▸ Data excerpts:
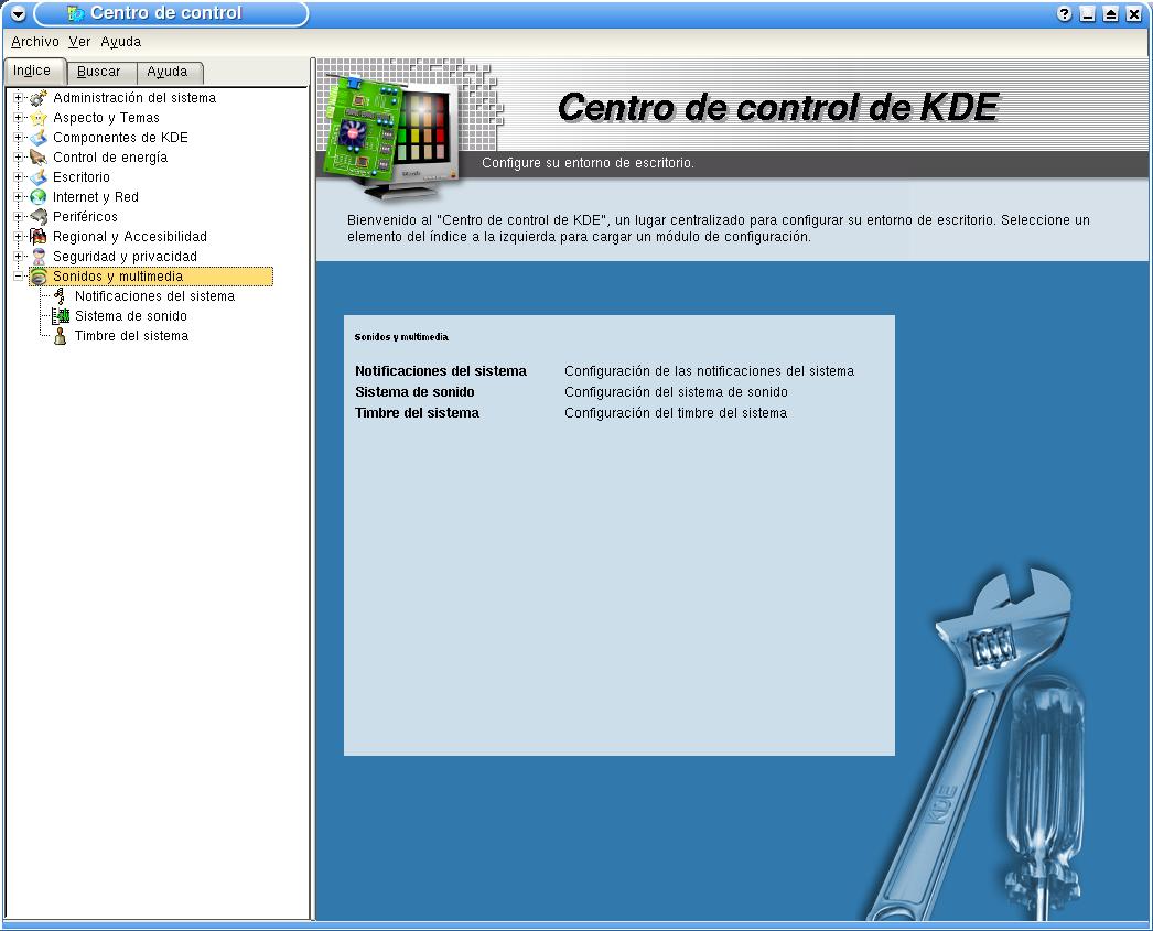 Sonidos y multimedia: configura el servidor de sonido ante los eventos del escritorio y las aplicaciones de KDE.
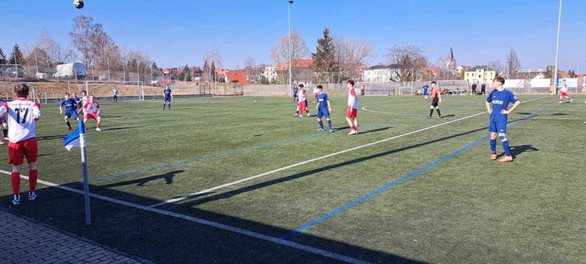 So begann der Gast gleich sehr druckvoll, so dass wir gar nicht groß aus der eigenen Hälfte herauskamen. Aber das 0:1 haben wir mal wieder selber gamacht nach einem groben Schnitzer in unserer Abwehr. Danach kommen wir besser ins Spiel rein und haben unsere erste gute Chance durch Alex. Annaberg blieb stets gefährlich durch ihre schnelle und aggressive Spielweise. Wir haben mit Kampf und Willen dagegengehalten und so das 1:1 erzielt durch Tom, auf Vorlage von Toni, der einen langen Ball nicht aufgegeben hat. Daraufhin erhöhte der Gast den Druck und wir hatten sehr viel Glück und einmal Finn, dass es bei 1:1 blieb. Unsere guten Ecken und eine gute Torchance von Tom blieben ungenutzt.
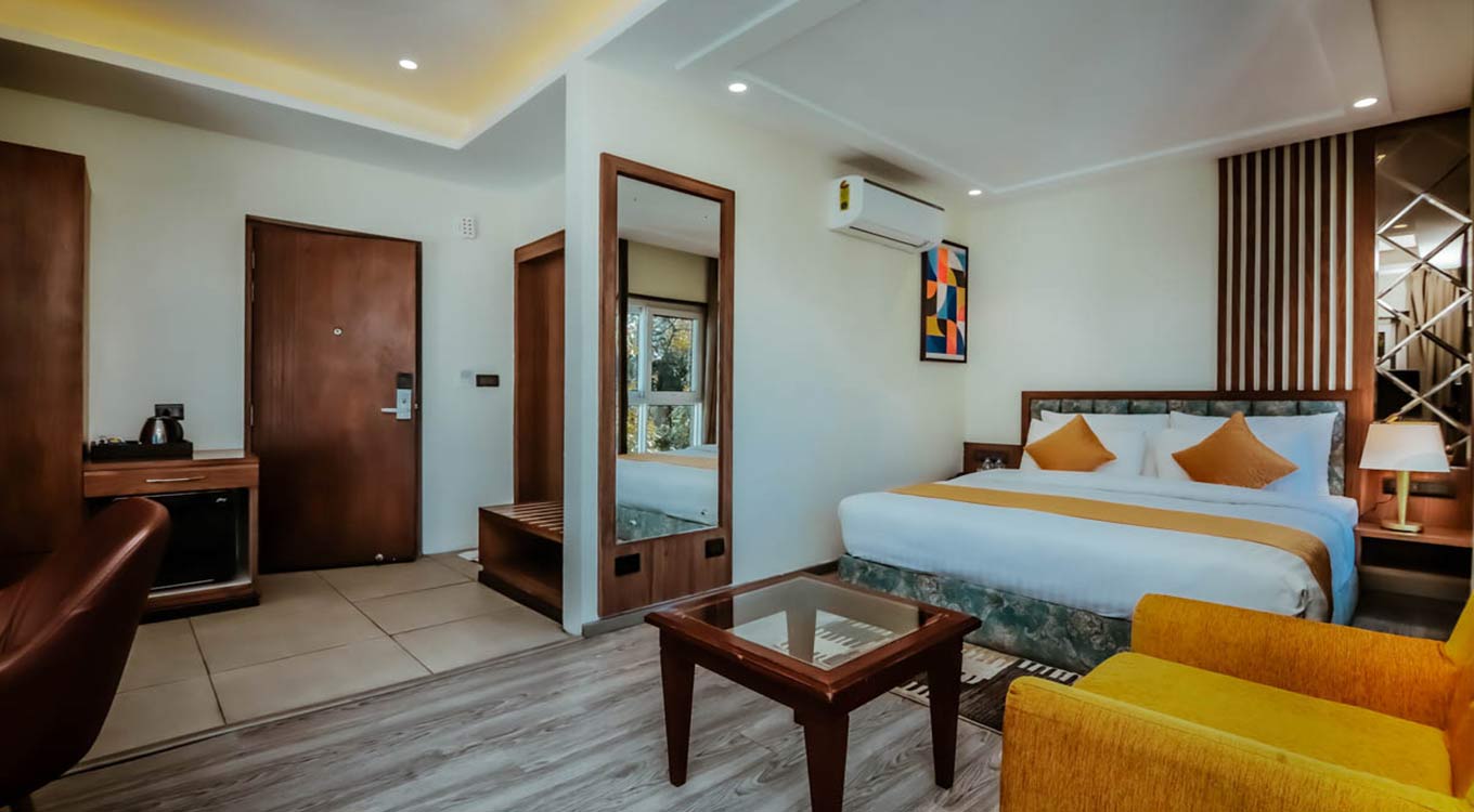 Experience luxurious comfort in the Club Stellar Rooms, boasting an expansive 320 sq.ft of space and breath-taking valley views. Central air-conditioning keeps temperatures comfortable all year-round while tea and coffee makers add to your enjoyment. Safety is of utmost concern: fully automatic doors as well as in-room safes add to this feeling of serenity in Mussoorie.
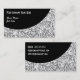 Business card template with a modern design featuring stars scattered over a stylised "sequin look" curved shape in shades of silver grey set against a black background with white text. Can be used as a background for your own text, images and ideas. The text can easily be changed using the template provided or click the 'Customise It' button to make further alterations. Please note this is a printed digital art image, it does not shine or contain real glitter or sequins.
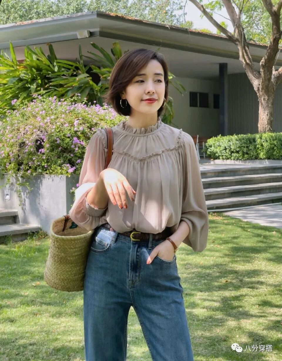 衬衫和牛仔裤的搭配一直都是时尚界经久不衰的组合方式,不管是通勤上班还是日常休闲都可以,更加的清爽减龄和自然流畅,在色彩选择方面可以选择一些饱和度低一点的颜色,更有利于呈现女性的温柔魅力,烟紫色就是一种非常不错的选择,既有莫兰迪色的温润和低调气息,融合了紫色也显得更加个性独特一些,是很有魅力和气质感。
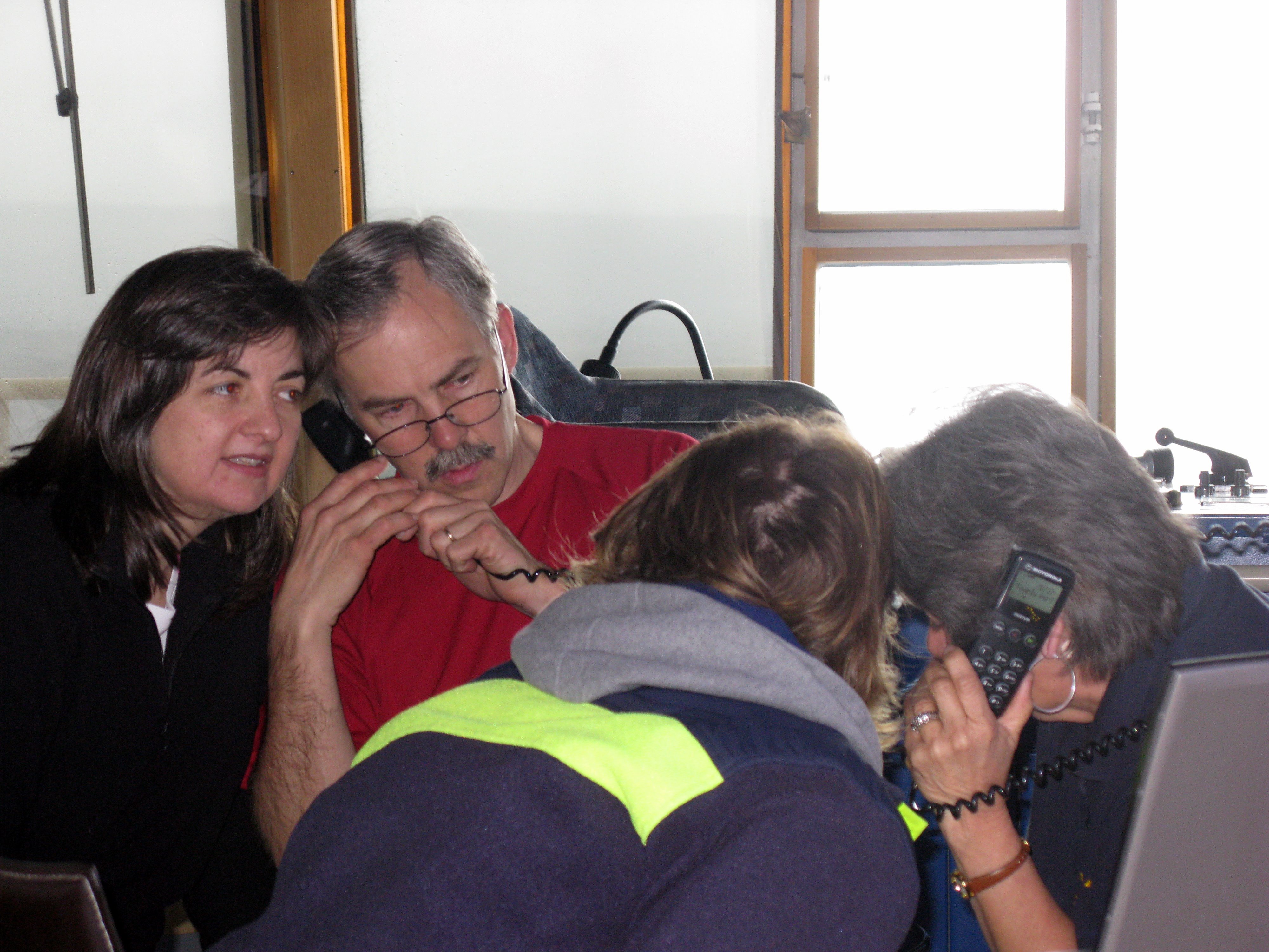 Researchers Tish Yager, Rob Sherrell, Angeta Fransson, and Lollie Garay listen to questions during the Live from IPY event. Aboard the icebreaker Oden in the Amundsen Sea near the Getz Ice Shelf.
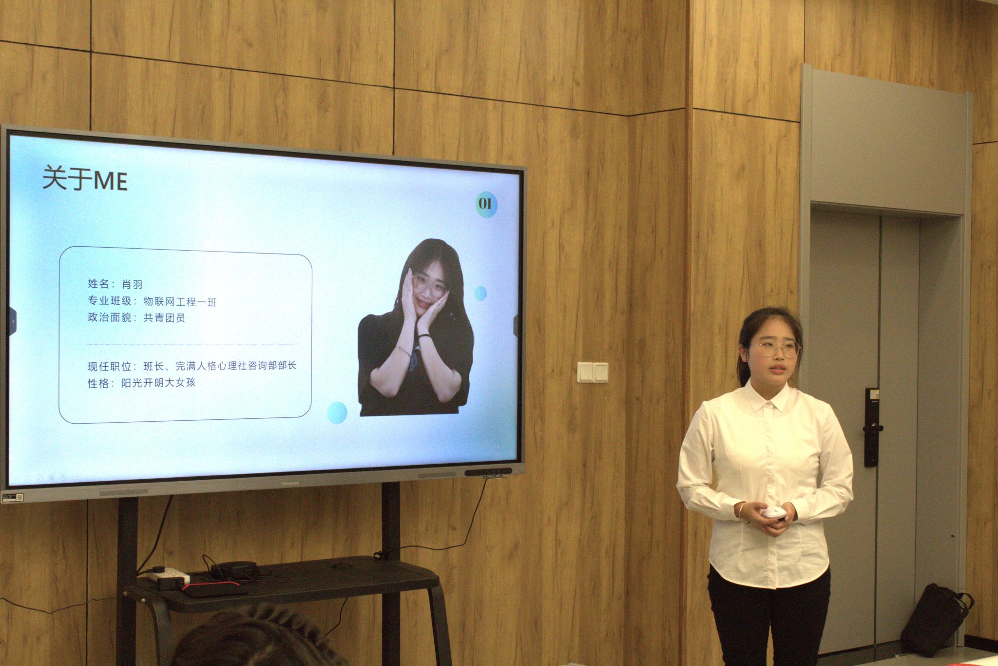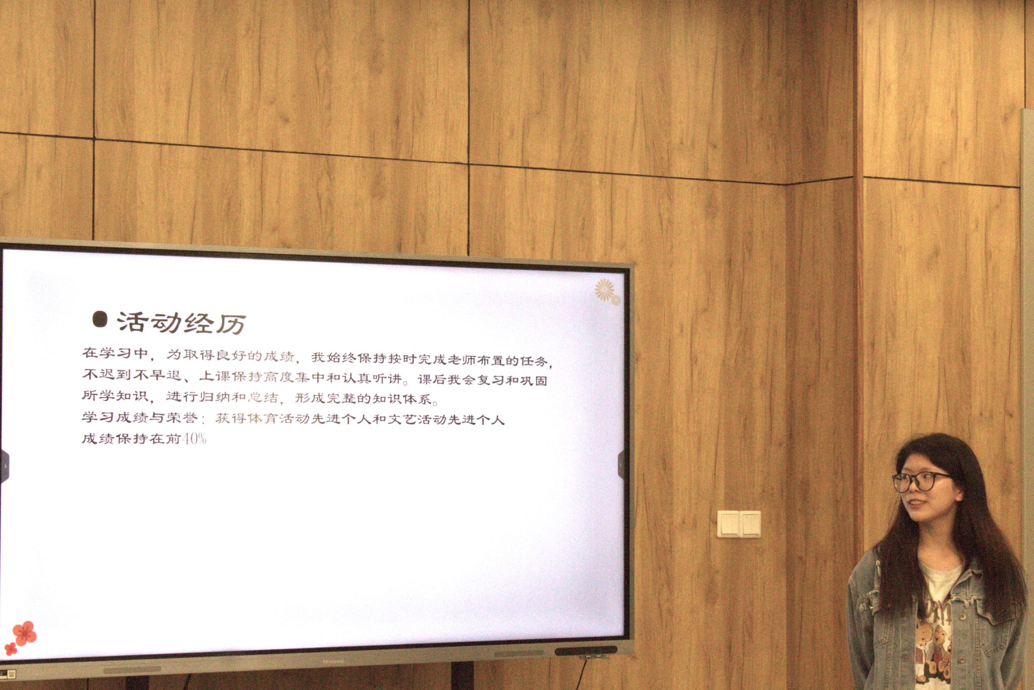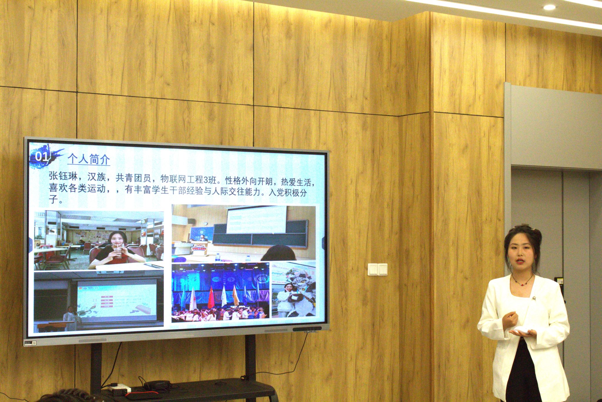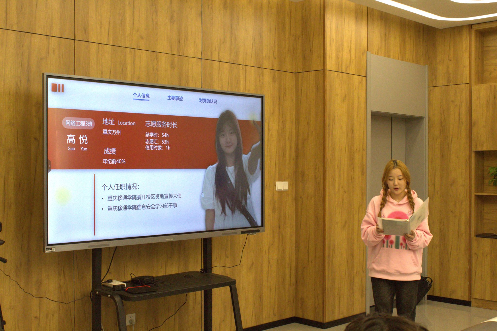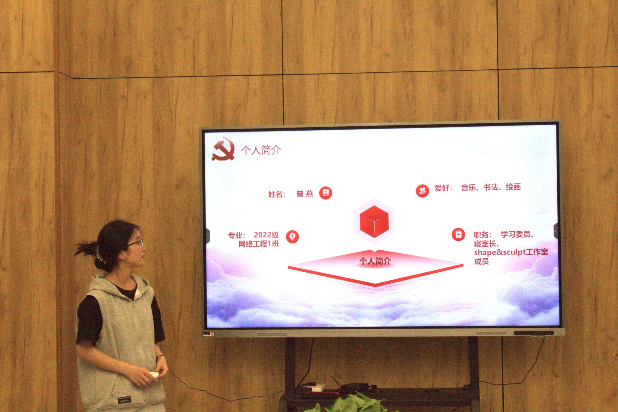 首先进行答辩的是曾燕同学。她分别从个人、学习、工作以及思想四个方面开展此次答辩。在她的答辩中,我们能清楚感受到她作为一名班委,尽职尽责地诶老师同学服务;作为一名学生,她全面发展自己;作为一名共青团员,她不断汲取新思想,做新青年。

▸ Task goal: Word for word, write out the lines from the top of the records above down to the line holding "Experience luxurious comfort", inclusive, but not the pictures.

▸ Response for this exercise:
 Sonidos y multimedia: configura el servidor de sonido ante los eventos del escritorio y las aplicaciones de KDE.
 So begann der Gast gleich sehr druckvoll, so dass wir gar nicht groß aus der eigenen Hälfte herauskamen. Aber das 0:1 haben wir mal wieder selber gamacht nach einem groben Schnitzer in unserer Abwehr. Danach kommen wir besser ins Spiel rein und haben unsere erste gute Chance durch Alex. Annaberg blieb stets gefährlich durch ihre schnelle und aggressive Spielweise. Wir haben mit Kampf und Willen dagegengehalten und so das 1:1 erzielt durch Tom, auf Vorlage von Toni, der einen langen Ball nicht aufgegeben hat. Daraufhin erhöhte der Gast den Druck und wir hatten sehr viel Glück und einmal Finn, dass es bei 1:1 blieb. Unsere guten Ecken und eine gute Torchance von Tom blieben ungenutzt.
 Experience luxurious comfort in the Club Stellar Rooms, boasting an expansive 320 sq.ft of space and breath-taking valley views. Central air-conditioning keeps temperatures comfortable all year-round while tea and coffee makers add to your enjoyment. Safety is of utmost concern: fully automatic doors as well as in-room safes add to this feeling of serenity in Mussoorie.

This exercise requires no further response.